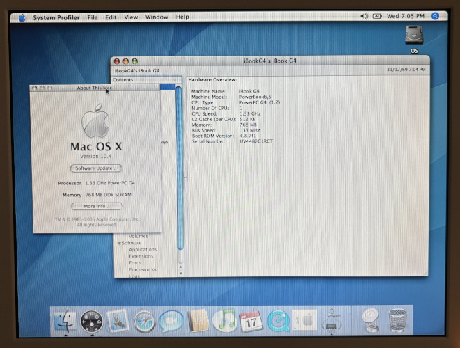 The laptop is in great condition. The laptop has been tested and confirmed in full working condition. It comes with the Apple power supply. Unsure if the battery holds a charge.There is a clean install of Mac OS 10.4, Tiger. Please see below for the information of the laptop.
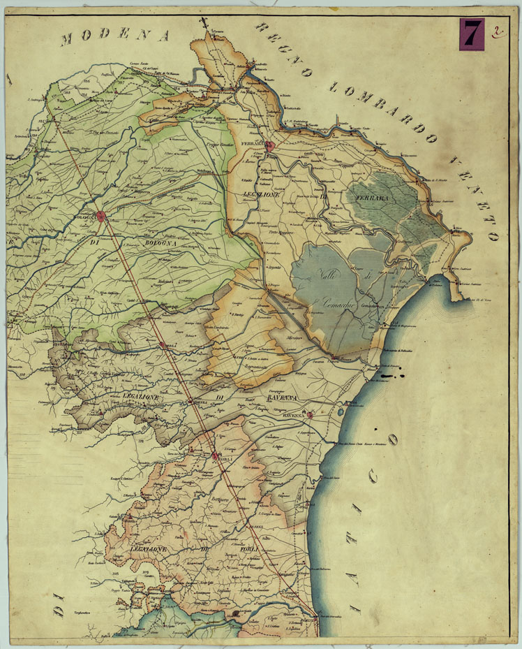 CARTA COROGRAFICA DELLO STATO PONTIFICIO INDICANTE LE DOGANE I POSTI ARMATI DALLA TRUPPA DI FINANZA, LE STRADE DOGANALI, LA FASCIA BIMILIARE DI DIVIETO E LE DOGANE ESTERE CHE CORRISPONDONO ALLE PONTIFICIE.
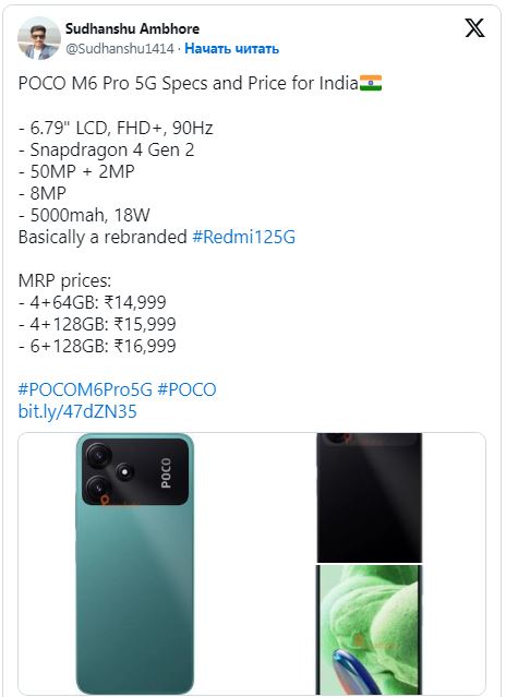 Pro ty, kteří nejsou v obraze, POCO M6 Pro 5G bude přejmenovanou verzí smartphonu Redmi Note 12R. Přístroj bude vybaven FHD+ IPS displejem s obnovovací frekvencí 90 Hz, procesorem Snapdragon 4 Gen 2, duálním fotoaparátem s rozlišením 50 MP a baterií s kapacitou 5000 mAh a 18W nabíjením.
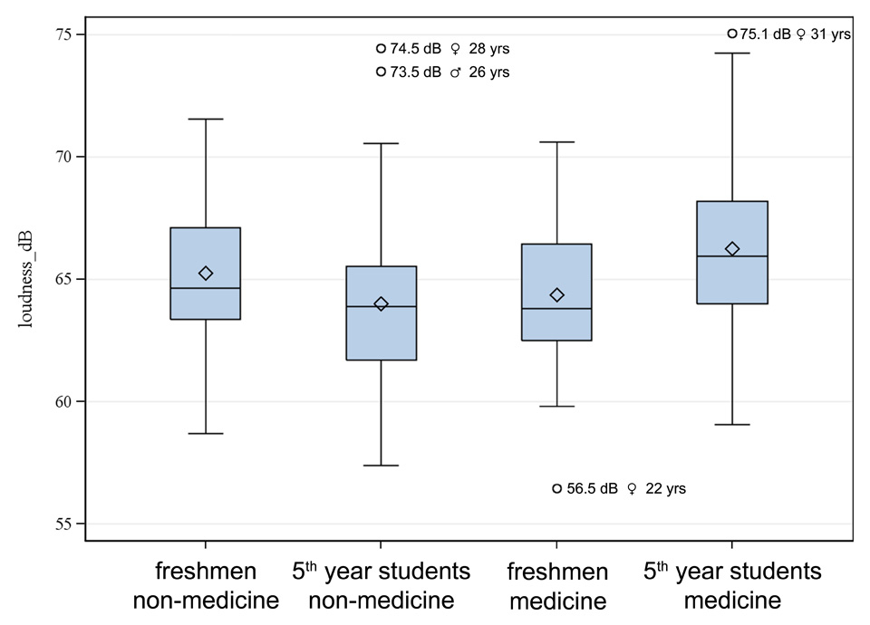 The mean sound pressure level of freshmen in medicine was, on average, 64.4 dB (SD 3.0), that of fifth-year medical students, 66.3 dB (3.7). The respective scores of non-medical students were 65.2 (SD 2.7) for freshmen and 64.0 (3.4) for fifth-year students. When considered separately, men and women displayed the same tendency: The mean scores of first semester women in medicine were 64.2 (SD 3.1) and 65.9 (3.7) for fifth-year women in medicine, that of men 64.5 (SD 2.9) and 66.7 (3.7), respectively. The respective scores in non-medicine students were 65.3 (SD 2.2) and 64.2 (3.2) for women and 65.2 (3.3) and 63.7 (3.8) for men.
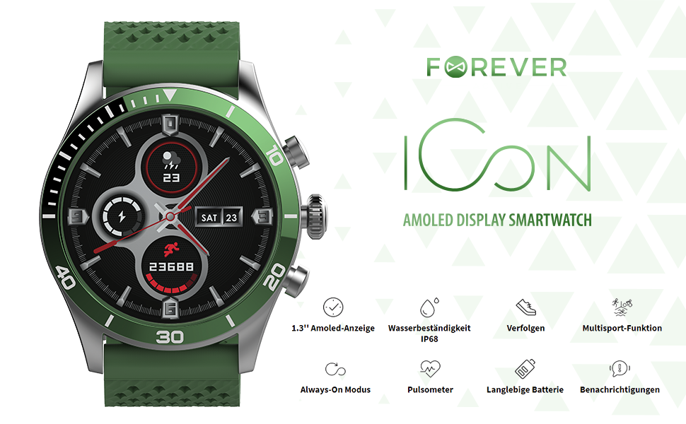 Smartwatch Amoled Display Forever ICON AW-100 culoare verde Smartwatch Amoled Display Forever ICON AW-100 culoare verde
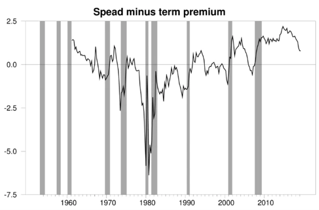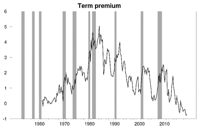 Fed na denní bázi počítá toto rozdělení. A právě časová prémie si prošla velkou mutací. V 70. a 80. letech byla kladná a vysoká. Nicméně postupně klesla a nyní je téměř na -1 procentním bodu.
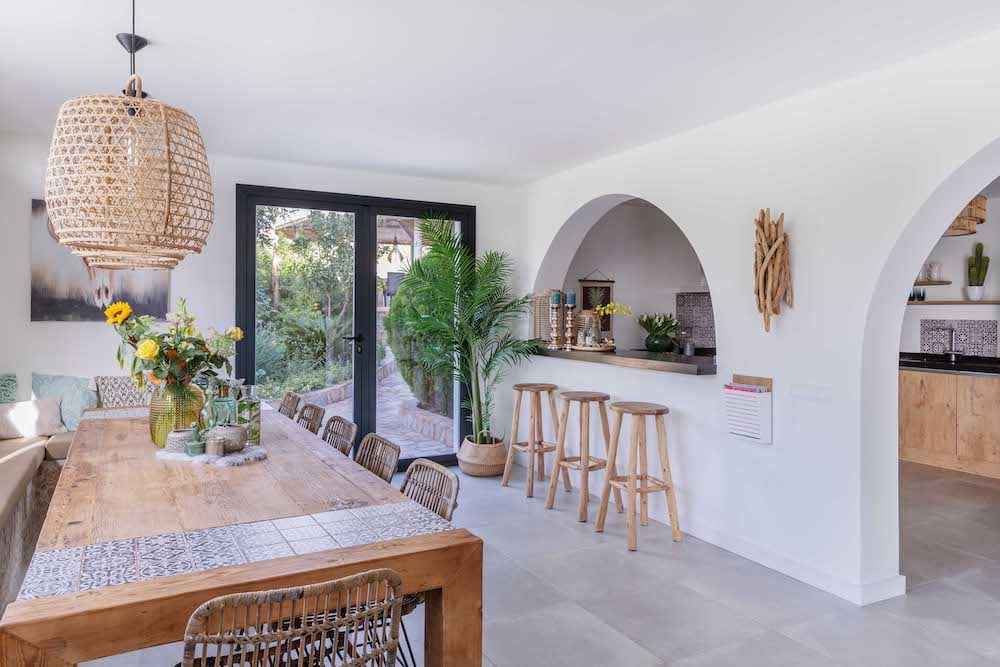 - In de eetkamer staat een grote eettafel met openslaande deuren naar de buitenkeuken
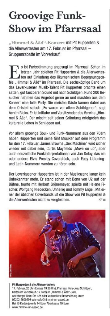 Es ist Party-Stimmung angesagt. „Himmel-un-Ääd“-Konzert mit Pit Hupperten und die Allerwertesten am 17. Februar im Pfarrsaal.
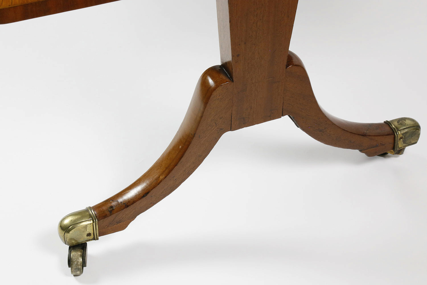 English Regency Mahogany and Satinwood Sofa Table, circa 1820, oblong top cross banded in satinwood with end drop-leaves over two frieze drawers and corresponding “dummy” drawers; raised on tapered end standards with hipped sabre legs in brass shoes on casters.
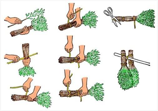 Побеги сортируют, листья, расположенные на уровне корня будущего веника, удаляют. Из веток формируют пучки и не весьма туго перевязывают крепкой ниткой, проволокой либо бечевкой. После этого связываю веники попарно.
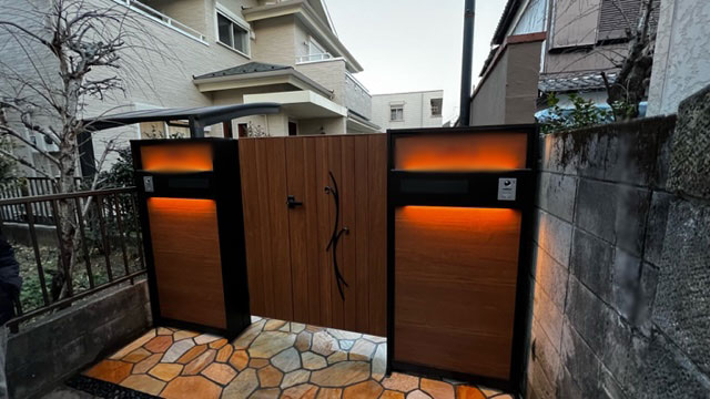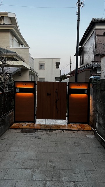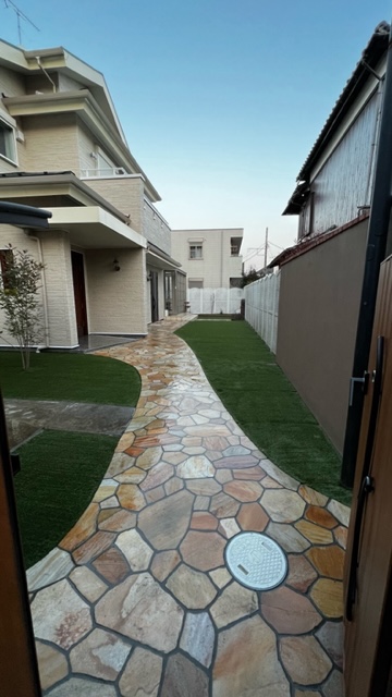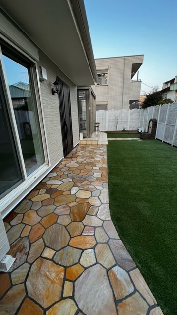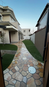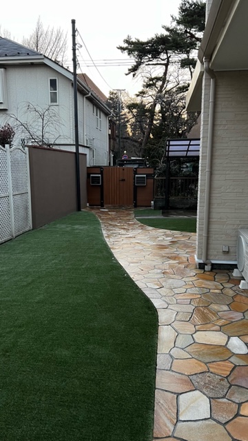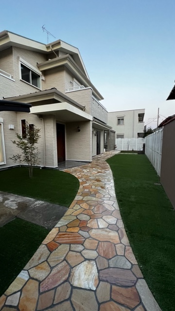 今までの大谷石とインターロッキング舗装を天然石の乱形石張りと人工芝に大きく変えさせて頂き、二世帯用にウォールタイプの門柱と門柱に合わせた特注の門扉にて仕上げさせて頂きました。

= PROBLEM TO WORK ON =
Nothing but the records above, exact and without pictures, should appear in the answer.

= SOLVED EXERCISE =
 The laptop is in great condition. The laptop has been tested and confirmed in full working condition. It comes with the Apple power supply. Unsure if the battery holds a charge.There is a clean install of Mac OS 10.4, Tiger. Please see below for the information of the laptop.
 CARTA COROGRAFICA DELLO STATO PONTIFICIO INDICANTE LE DOGANE I POSTI ARMATI DALLA TRUPPA DI FINANZA, LE STRADE DOGANALI, LA FASCIA BIMILIARE DI DIVIETO E LE DOGANE ESTERE CHE CORRISPONDONO ALLE PONTIFICIE.
 Pro ty, kteří nejsou v obraze, POCO M6 Pro 5G bude přejmenovanou verzí smartphonu Redmi Note 12R. Přístroj bude vybaven FHD+ IPS displejem s obnovovací frekvencí 90 Hz, procesorem Snapdragon 4 Gen 2, duálním fotoaparátem s rozlišením 50 MP a baterií s kapacitou 5000 mAh a 18W nabíjením.
 The mean sound pressure level of freshmen in medicine was, on average, 64.4 dB (SD 3.0), that of fifth-year medical students, 66.3 dB (3.7). The respective scores of non-medical students were 65.2 (SD 2.7) for freshmen and 64.0 (3.4) for fifth-year students. When considered separately, men and women displayed the same tendency: The mean scores of first semester women in medicine were 64.2 (SD 3.1) and 65.9 (3.7) for fifth-year women in medicine, that of men 64.5 (SD 2.9) and 66.7 (3.7), respectively. The respective scores in non-medicine students were 65.3 (SD 2.2) and 64.2 (3.2) for women and 65.2 (3.3) and 63.7 (3.8) for men.
 Smartwatch Amoled Display Forever ICON AW-100 culoare verde Smartwatch Amoled Display Forever ICON AW-100 culoare verde
 Fed na denní bázi počítá toto rozdělení. A právě časová prémie si prošla velkou mutací. V 70. a 80. letech byla kladná a vysoká. Nicméně postupně klesla a nyní je téměř na -1 procentním bodu.
 - In de eetkamer staat een grote eettafel met openslaande deuren naar de buitenkeuken
 Es ist Party-Stimmung angesagt. „Himmel-un-Ääd“-Konzert mit Pit Hupperten und die Allerwertesten am 17. Februar im Pfarrsaal.
 English Regency Mahogany and Satinwood Sofa Table, circa 1820, oblong top cross banded in satinwood with end drop-leaves over two frieze drawers and corresponding “dummy” drawers; raised on tapered end standards with hipped sabre legs in brass shoes on casters.
 Побеги сортируют, листья, расположенные на уровне корня будущего веника, удаляют. Из веток формируют пучки и не весьма туго перевязывают крепкой ниткой, проволокой либо бечевкой. После этого связываю веники попарно.
 今までの大谷石とインターロッキング舗装を天然石の乱形石張りと人工芝に大きく変えさせて頂き、二世帯用にウォールタイプの門柱と門柱に合わせた特注の門扉にて仕上げさせて頂きました。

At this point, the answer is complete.